タイから来たヌーイからは「アジアの中の日本」を、ドイツから来たフリードリッヒからは「世界の中の日本」を、特に日本固有の縄文時代における狩猟採取生活と農業との関係への好奇心を触発される。
そんな中、兄嫁のりささんから祖母が認知症を発症、兄を祖父と混同するようになったと知らされる。自分のことしか考えてこなかったそらは、自分の祖母や生まれる前に亡くなった祖父のこと、女手だけで育ててくれた母や自分の記憶にはない父のことに興味をもち始め、そらの家族がこの野辺山の地でどのように生きてきたのか、りささんとともに調べ始める。その中で、帰農するまで兄が父と同じ電波望遠鏡の仕事をしていたことを知る。
【そらの選んだ自由】
祖父は、野辺山での特攻機の訓練兵として終戦を迎えた。野辺山で祖母と出会い結婚し、開拓を進めながらの苦しい生活の中で、唯一育ったのが母だった。母は、電波望遠鏡の建設に来た技術者の父と駆け落ちし、祖父が他界した実家には祖母ひとりが残された。母は数年後、兄と乳飲み子のそらを連れて祖母の元に帰ってくる。この地に深く根ざして生きてきた家族。そらは、自分の家族も旅するように生きる人々と同じく、自ら選択し生きてきたのだと思う。生活や家族、土地や建物に刻まれたそれぞれの思いと歴史。今年、野辺山の電波望遠鏡も臼田の後継機に役割を譲る。

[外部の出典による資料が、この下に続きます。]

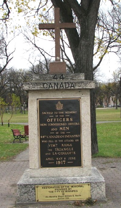 This monument was originally placed on Vimy Ridge in France after the battle in 1917 by the surviving members of the 44th Infantry Battalion, Canadian Expeditionary Force. Removed in 1924 to make room for the Canadian national memorial at Vimy, the monument was brought to Winnipeg and reinstalled in June 1926. It has been restored twice -- in June 1967 and October 1992.

八ヶ岳は分水嶺でもある。南西部に降った雨は諏訪湖に集まり天竜川から太平洋に、南東側は釜無川から富士川になって駿河湾に、北部は千曲川から信濃川を経て日本海に流れていく。それぞれの道をいく4人。そらは流れない。地中深く浸み込む。でも、繋がっていると感じていた。何万年もの時間をかけて全地球規模で対流する深層海流に至り、水たちはいつか再会するのだから。